### EXERCISE AIM
Reproduce only this stretch of the listing below: from the line with "- 甘肃质量管理体系认证办理指南:企业资质提升必备选择" through the line with "詳細内容 | ※こちらのイベントは募集定員に達したため、キャンセル待ちの対応となります。ご了承ください", exactly as written, with pictures excluded.

### AVAILABLE DATA
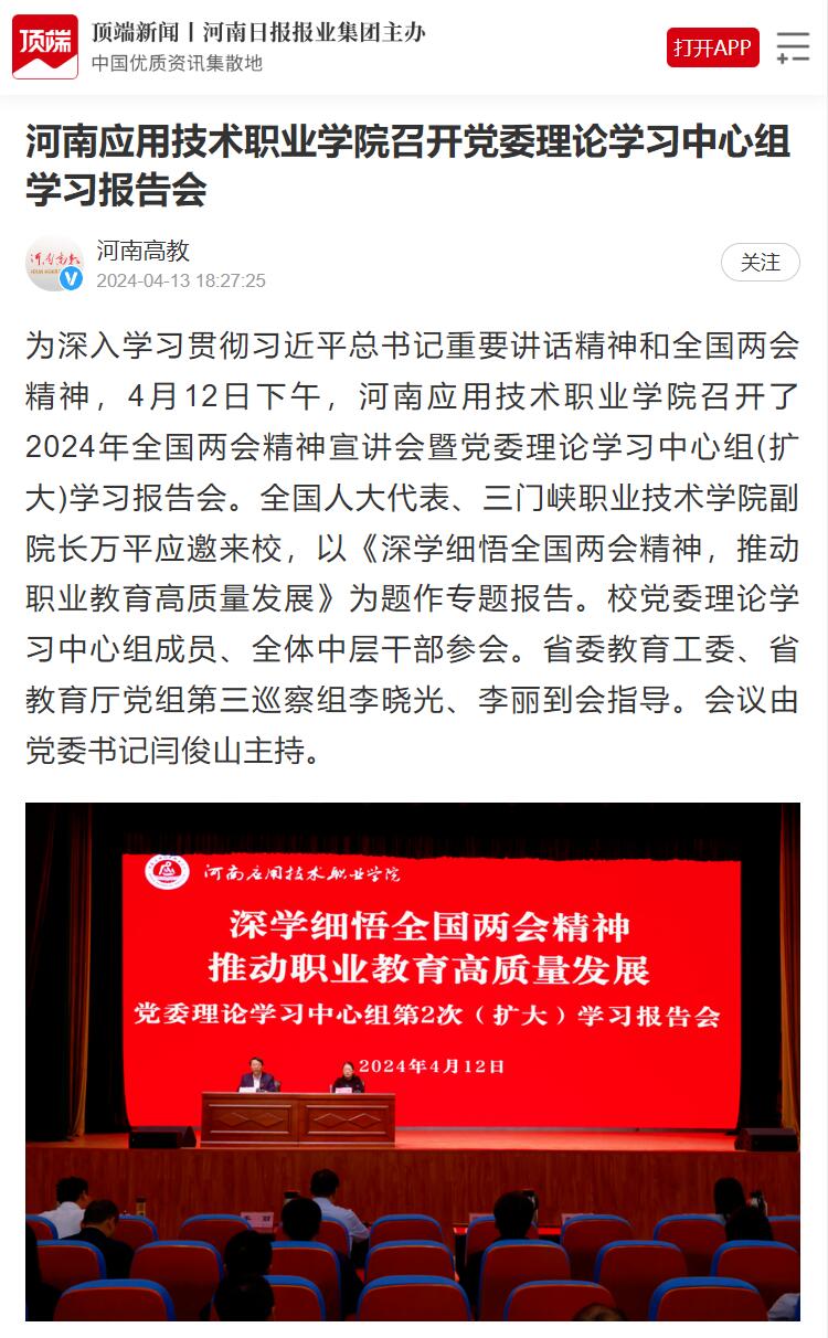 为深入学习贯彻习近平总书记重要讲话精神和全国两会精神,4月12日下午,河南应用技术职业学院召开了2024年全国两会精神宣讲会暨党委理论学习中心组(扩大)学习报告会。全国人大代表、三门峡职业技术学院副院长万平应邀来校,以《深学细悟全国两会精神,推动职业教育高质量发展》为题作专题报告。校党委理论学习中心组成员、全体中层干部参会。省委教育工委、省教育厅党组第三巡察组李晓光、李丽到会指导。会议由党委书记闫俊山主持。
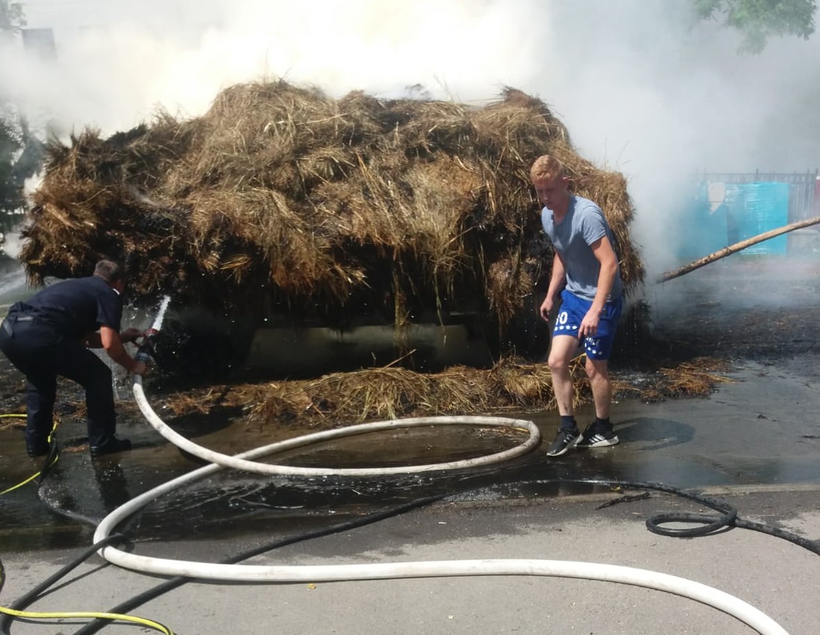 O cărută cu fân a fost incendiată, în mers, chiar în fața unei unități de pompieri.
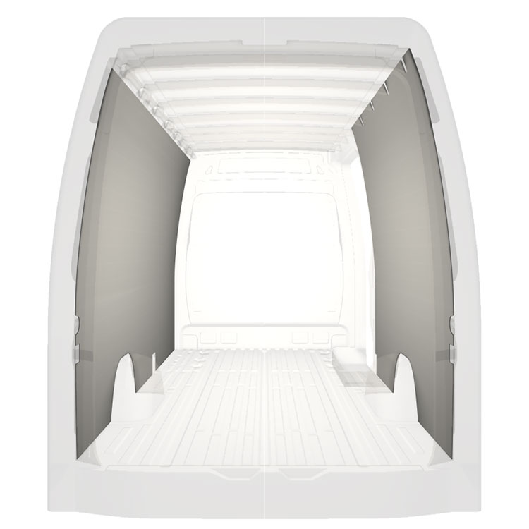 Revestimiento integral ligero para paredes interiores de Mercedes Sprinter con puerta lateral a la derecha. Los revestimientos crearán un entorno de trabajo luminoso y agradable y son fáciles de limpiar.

* * *

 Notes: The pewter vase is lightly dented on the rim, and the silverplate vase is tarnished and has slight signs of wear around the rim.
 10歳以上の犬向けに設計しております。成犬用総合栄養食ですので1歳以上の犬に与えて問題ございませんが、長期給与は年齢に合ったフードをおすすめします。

==

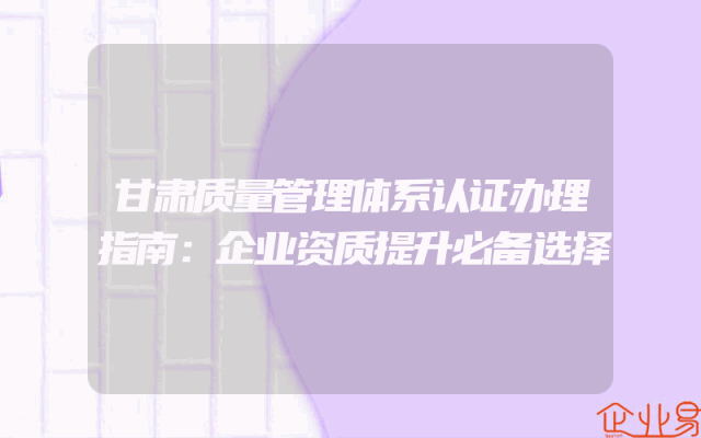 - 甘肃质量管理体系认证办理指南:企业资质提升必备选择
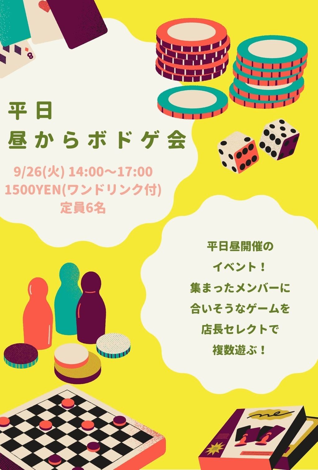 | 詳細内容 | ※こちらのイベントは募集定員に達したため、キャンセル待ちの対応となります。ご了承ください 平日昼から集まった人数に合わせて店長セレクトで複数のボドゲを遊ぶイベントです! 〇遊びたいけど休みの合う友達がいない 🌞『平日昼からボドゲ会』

### RESULT OF THIS TASK
 - 甘肃质量管理体系认证办理指南:企业资质提升必备选择
 | 詳細内容 | ※こちらのイベントは募集定員に達したため、キャンセル待ちの対応となります。ご了承ください 平日昼から集まった人数に合わせて店長セレクトで複数のボドゲを遊ぶイベントです! 〇遊びたいけど休みの合う友達がいない 🌞『平日昼からボドゲ会』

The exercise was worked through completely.